Assignment |
The answer should match the entries below word for word, minus their pictures.

___ Source data ___

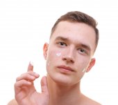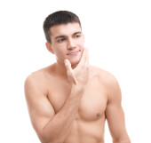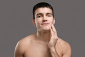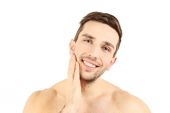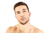 Przystojny, młody człowiek z problem ze skórą na białym tle
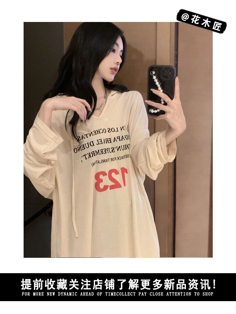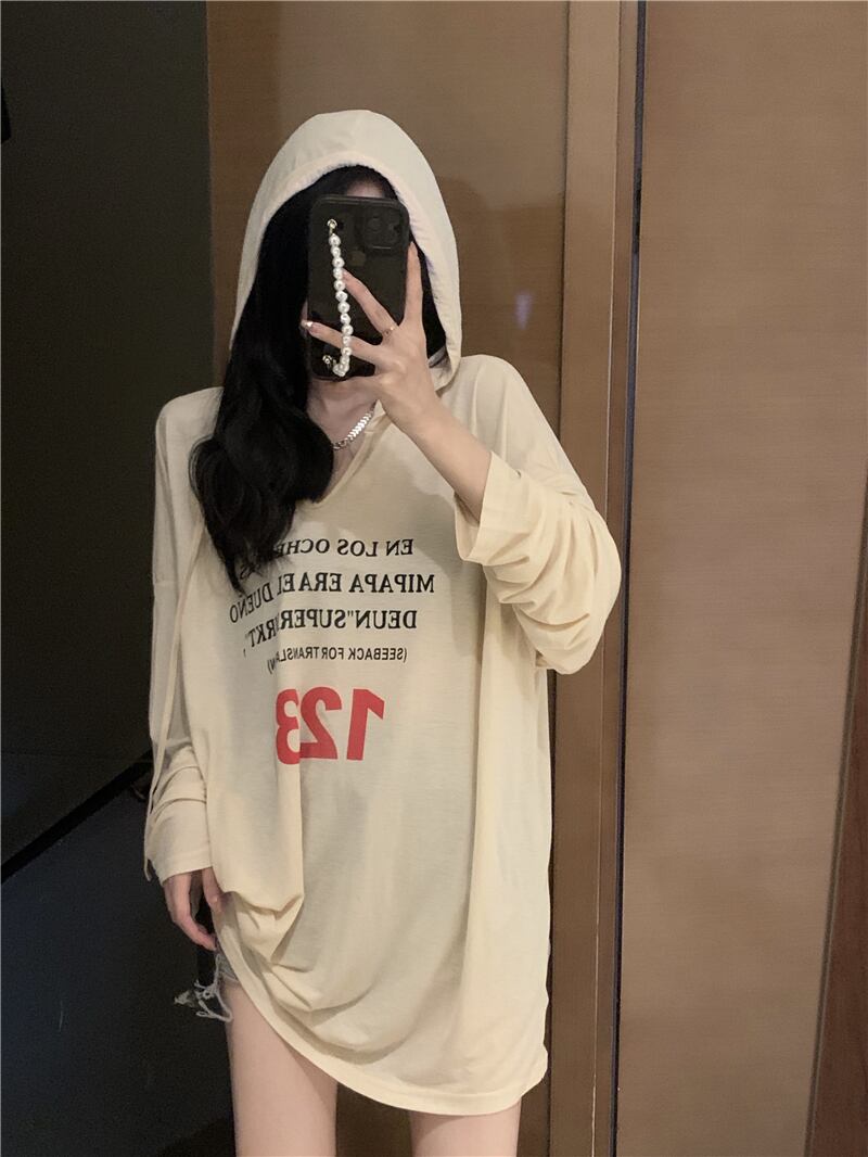 Thin sunscreen shirt hooded long-sleeved t-shirt women's summer 2022 new design sense printing loose mid-length top ロング サマー 夏物 Tシャツ 0921991411288635
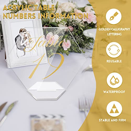 Ampiamente applicabile: i numeri da tavolo in acrilico 1-20 sono perfetti per varie occasioni come matrimoni, feste di fidanzamento, addio al nubilato, baby shower, anniversari, celebrazioni, feste o qualsiasi altro evento. Inoltre, questi cartelli con numeri da tavolo possono essere utilizzati come cartelli di benvenuto, biglietti e regali segni, cartelli a barra aperta, visualizzazione di schede di posizione di ricevimento, carte numeriche da tavolo, menu e altri oggetti, ecc.
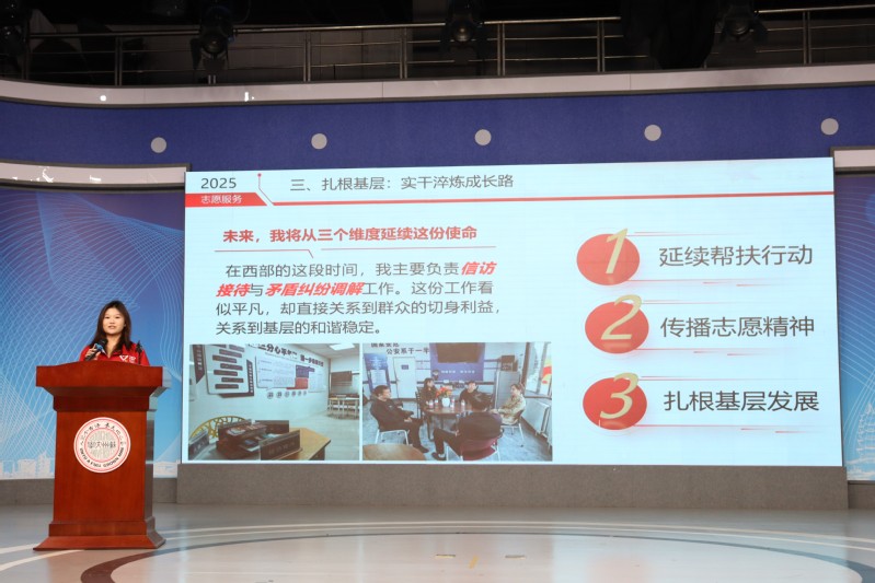 宣讲环节,五位宣讲团成员依次登台,结合自身经历,分享了自己参与基层服务项目的动人故事和心得感悟。
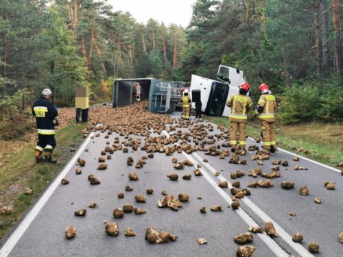 Za szybko na zakręcie. Buraki z wywróconej ciężarówki zablokowały ruch
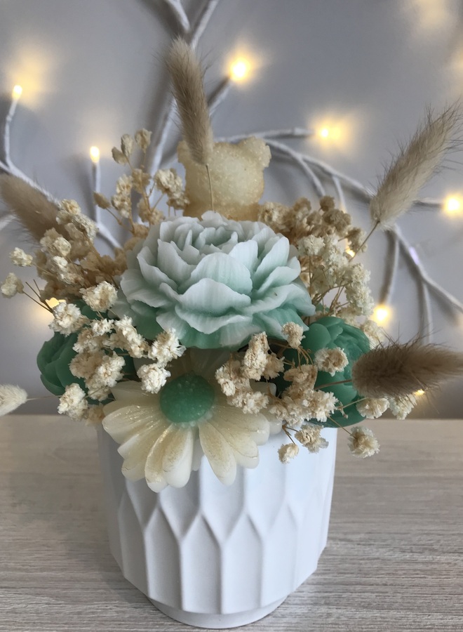 White patterned ceramic pot which contains green & white flowers & a teddy, some with gold mica powder. Amongst the flowers are some dried gypsophila & 5 natural bunny tails.
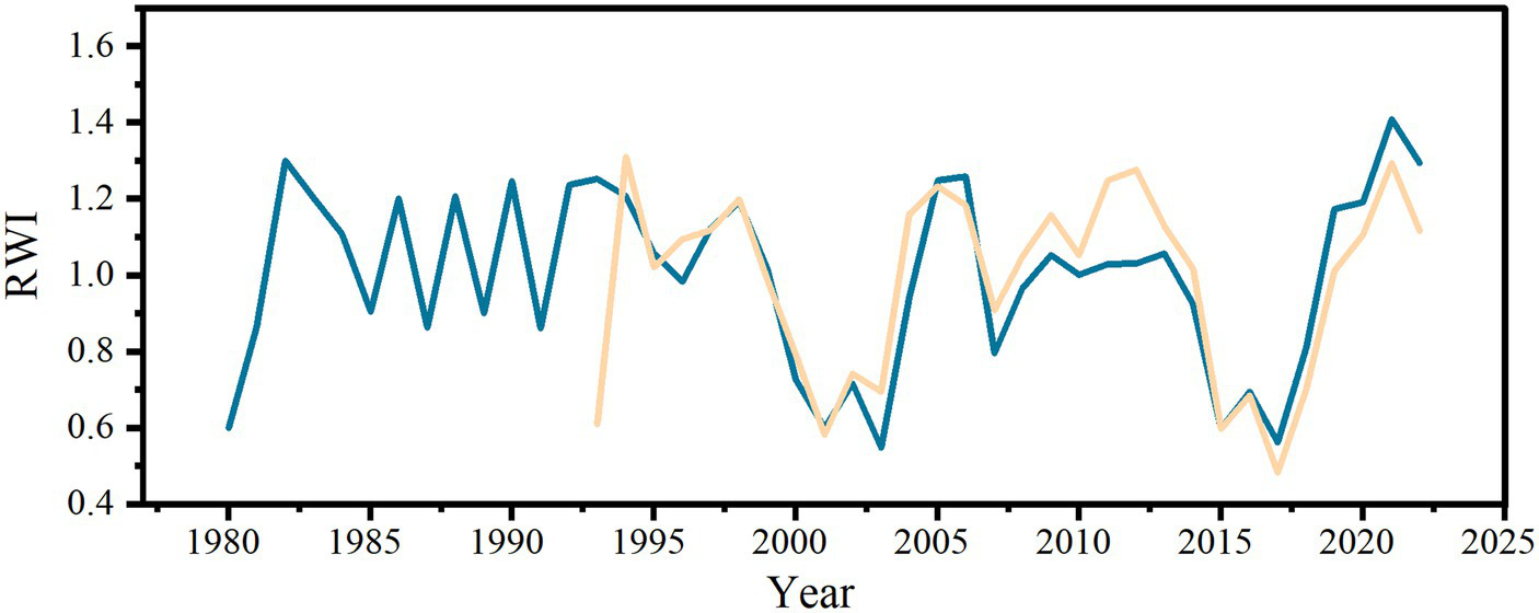 Change of ring-width index (RWI) of young and middle-aged stands The yellow line represents the RWI of young stands, and the blue line represents the RWI of middle-aged stands.
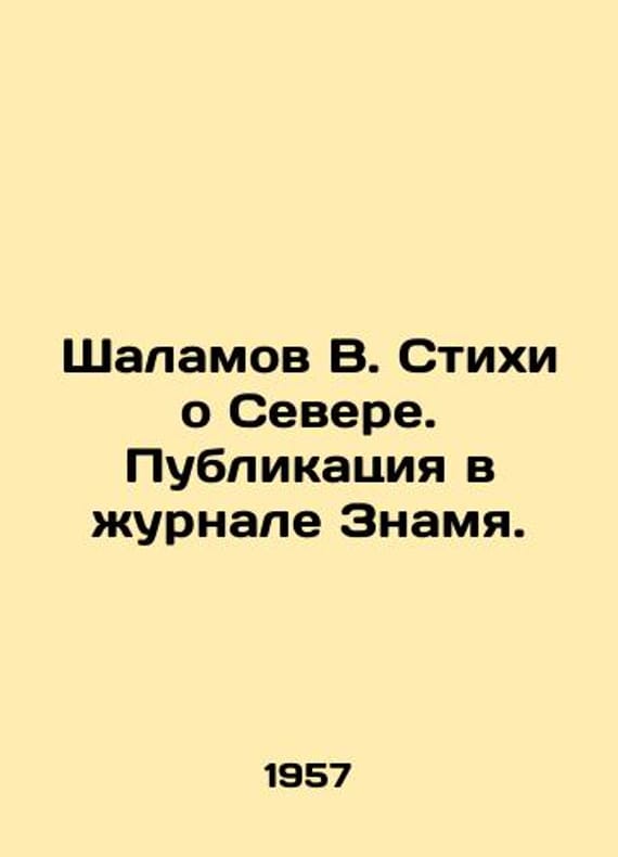 Shalamov V. Poems about the North. Publication in the Znamya magazine. In Russian /Shalamov V. Stikhi o Severe. Publikatsiya v zhurnale Znamya. Literary-art and socio-political monthly magazine. M. Pravda 1957. 224 p. We have thousands of titles and often several copies of each title may be available. Please feel free to contact us for a detailed description of the copies available. SKUalb603ee3c8217fc0de.
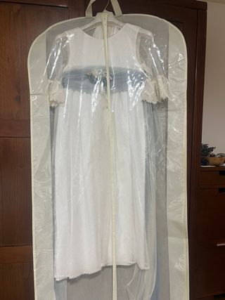 Vestido de comunión de la marca Coconut, se puede ver y probar. En perfecto estado como nuevo. Comprado en abril 2025 en El Corte Ingles, precio original 385 eur Confeccionado en tejido blanco con delicados topos y detalles de tul y encaje beige - Cuerpo con manga larga y puños de encaje. - Fajín azul con adornos florales y pedrería. - Falda con puntilla en el bajo. Corresponde a una talla 9 que son los 110cm que van desde el hombro hasta el suelo, recomendado para una niña de 130 cm de altura, contorno de pecho 72cm y cintura 65cm Si interesa tengo la chaquetita a juego, calcetines nuevos sin usar con etiqueta y zapatos.
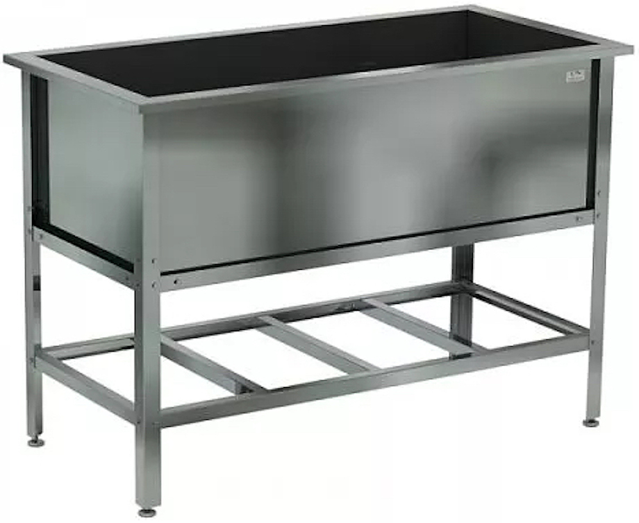 Емкость ванны Кобор ВМСБ/1-100/90/430 выполнена из высококачественной нержавеющей стали. Технология сварки швов ванны обеспечивает не только герметичность соединения, но и прочность конструкции. Ножки изготовлены в виде уголка 40х40 мм из оцинкованной стали и регулируются по высоте, что помогает избежать неустойчивости рабочей конструкции.
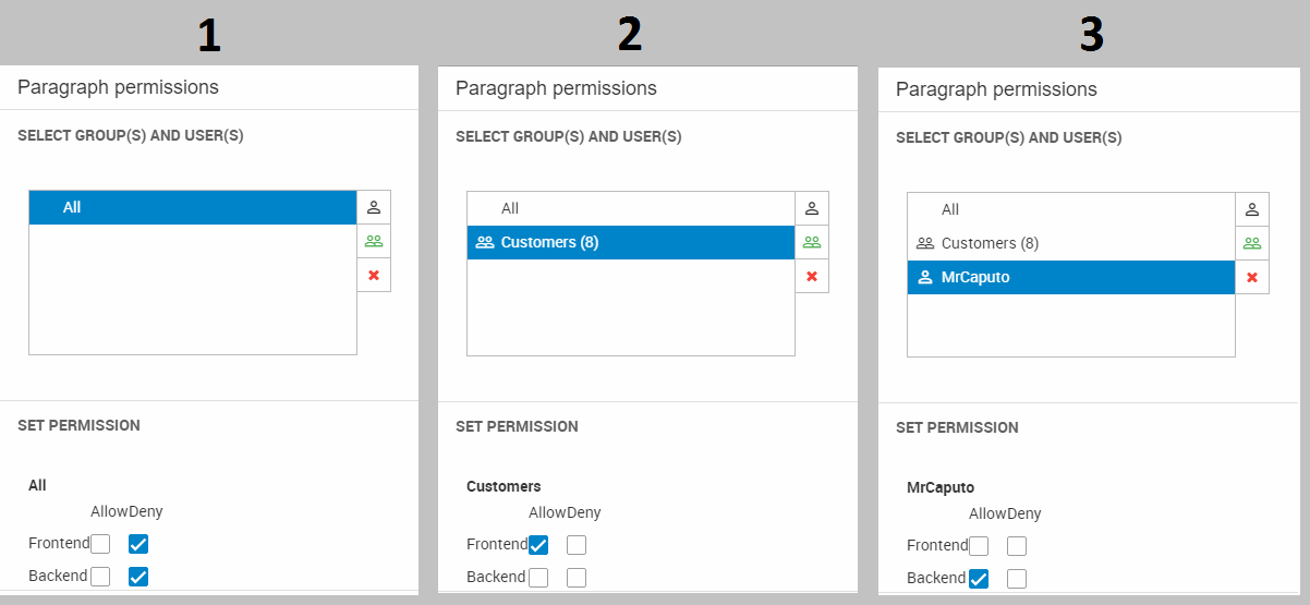 As you can see, you can Allow or deny frontend and backend access to the paragraph, for users in the all group, by checking the appropriate checkboxes.

___

Your solution |
 Przystojny, młody człowiek z problem ze skórą na białym tle
 Thin sunscreen shirt hooded long-sleeved t-shirt women's summer 2022 new design sense printing loose mid-length top ロング サマー 夏物 Tシャツ 0921991411288635
 Ampiamente applicabile: i numeri da tavolo in acrilico 1-20 sono perfetti per varie occasioni come matrimoni, feste di fidanzamento, addio al nubilato, baby shower, anniversari, celebrazioni, feste o qualsiasi altro evento. Inoltre, questi cartelli con numeri da tavolo possono essere utilizzati come cartelli di benvenuto, biglietti e regali segni, cartelli a barra aperta, visualizzazione di schede di posizione di ricevimento, carte numeriche da tavolo, menu e altri oggetti, ecc.
 宣讲环节,五位宣讲团成员依次登台,结合自身经历,分享了自己参与基层服务项目的动人故事和心得感悟。
 Za szybko na zakręcie. Buraki z wywróconej ciężarówki zablokowały ruch
 White patterned ceramic pot which contains green & white flowers & a teddy, some with gold mica powder. Amongst the flowers are some dried gypsophila & 5 natural bunny tails.
 Change of ring-width index (RWI) of young and middle-aged stands The yellow line represents the RWI of young stands, and the blue line represents the RWI of middle-aged stands.
 Shalamov V. Poems about the North. Publication in the Znamya magazine. In Russian /Shalamov V. Stikhi o Severe. Publikatsiya v zhurnale Znamya. Literary-art and socio-political monthly magazine. M. Pravda 1957. 224 p. We have thousands of titles and often several copies of each title may be available. Please feel free to contact us for a detailed description of the copies available. SKUalb603ee3c8217fc0de.
 Vestido de comunión de la marca Coconut, se puede ver y probar. En perfecto estado como nuevo. Comprado en abril 2025 en El Corte Ingles, precio original 385 eur Confeccionado en tejido blanco con delicados topos y detalles de tul y encaje beige - Cuerpo con manga larga y puños de encaje. - Fajín azul con adornos florales y pedrería. - Falda con puntilla en el bajo. Corresponde a una talla 9 que son los 110cm que van desde el hombro hasta el suelo, recomendado para una niña de 130 cm de altura, contorno de pecho 72cm y cintura 65cm Si interesa tengo la chaquetita a juego, calcetines nuevos sin usar con etiqueta y zapatos.
 Емкость ванны Кобор ВМСБ/1-100/90/430 выполнена из высококачественной нержавеющей стали. Технология сварки швов ванны обеспечивает не только герметичность соединения, но и прочность конструкции. Ножки изготовлены в виде уголка 40х40 мм из оцинкованной стали и регулируются по высоте, что помогает избежать неустойчивости рабочей конструкции.
 As you can see, you can Allow or deny frontend and backend access to the paragraph, for users in the all group, by checking the appropriate checkboxes.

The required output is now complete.